I didn't take my meds last night (Clonazepam and wellbutrin [ironic name really - I'd like to have the job of naming some of these drugs]). And I guess there was some sleeping because there was plenty dreaming, couple times waking myself up by talking, waking up my partner with my talking.
I read a comment on my artwork - it said "no understanding of life" - I wondered if that was a mistranslation or if that was what the commenter really thought. There are many times when I certainly am baffled by this whole being alive thing. Being alive for the sake of being alive - part of me thinks that there must be a reason for everything, else why have it? But maybe there is no reason - finding a reason for things gives me comfort certainly, then I can exhale with relief and say ohhh, that's why, ok.
I'm weirded out with the good things happening - don't know what to make of it, trying to just be thankful and gracious - but these qualities are not innate to moi. Oh well.
I have decided - aka placed my hopes in - that some day someone will figure out how to undo the hardwiring to the amygdala that happens when a person experiences trauma. There are plenty smart people in the world, someone will do it. Go someone!
I am curious about happiness, are some people happy (as opposed to Meg Tilly's character's belief in The Big Chill)? Is it a conscious effort, a willing oneself to be at peace - is that the real work? I don't think it's possessions for sure - that's silly and external. Yet I believe it vital (as in life-giving, affirming) to witness oneself reflected in the world somehow, that there is a reason I guess. It's hard to see purpose in the many thousands of daily child deaths though - no way to reason around that. reality check.
Questions, discussions that have been ongoing since people became people. I think every being is getting more complex, smarter, more evolved I suppose. The logarithm of learning I guess. All the philosophers have been wrestling with these puzzlers for many millenia. Maybe I should read them more. I don't remember what they were saying when I read them over 18 years ago - sorry Philosophy prof. I wonder why the necessity for the big words, but maybe that just helps people get their thoughts down faster. I suppose it's quicker to write a 15 letter word than an entire sentence of regular-human speak. Just makes me, the dear reader, have to work harder with many interruptions to race to the dictionary. Of course I am a slower learner than I am a retainer so it's kind of like the frog-jumping-half-the-distance-each-time-puzzle: I never get there.

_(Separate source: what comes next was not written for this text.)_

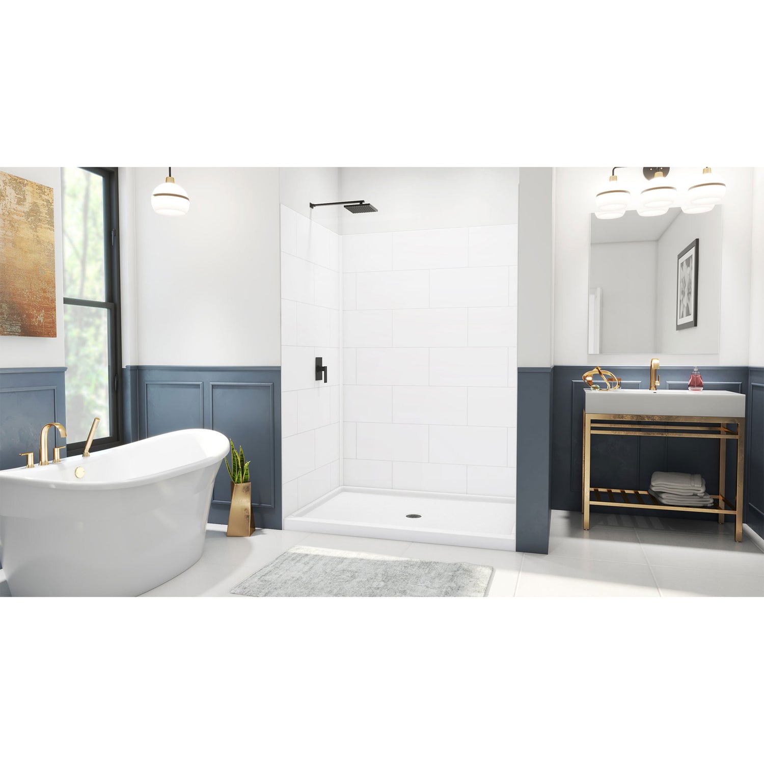 The DreamStone collection offers popular horizontal subway pattern walls with an authentic solid surface shower base. The durable, non-porous surface material makes DreamStone walls and bases resistant against mold, chips, and cracks. The solid color runs completely throughout the material for long-lasting durability and easy maintenance. The pebbled texture of the base provides a slip-resistant surface for added safety. Enhance your bathroom space with DreamStone for a pristine and timeless aesthetic.

I am so well-defended against criticism - in my mind anyway - I am in a constant state of edit. Kind of a chickenshit (chicletshit!) approach to being in the world. Yet it is an impossible goal, there will always be negative and positive interpretations of me. One day I hope to learn that making mistakes will not kill me - but I remain afraid - not as much though I am pleased to say. And I think the combo of a slightly increased dose of Wellbutrin coupled with all manner of placebo affects and the good circumstances around me are all contributing. Overall I am indeed feeling better and I hope I will really feel and actually be contributing something positive to the world - gotta justify all this taking up space I'm doing!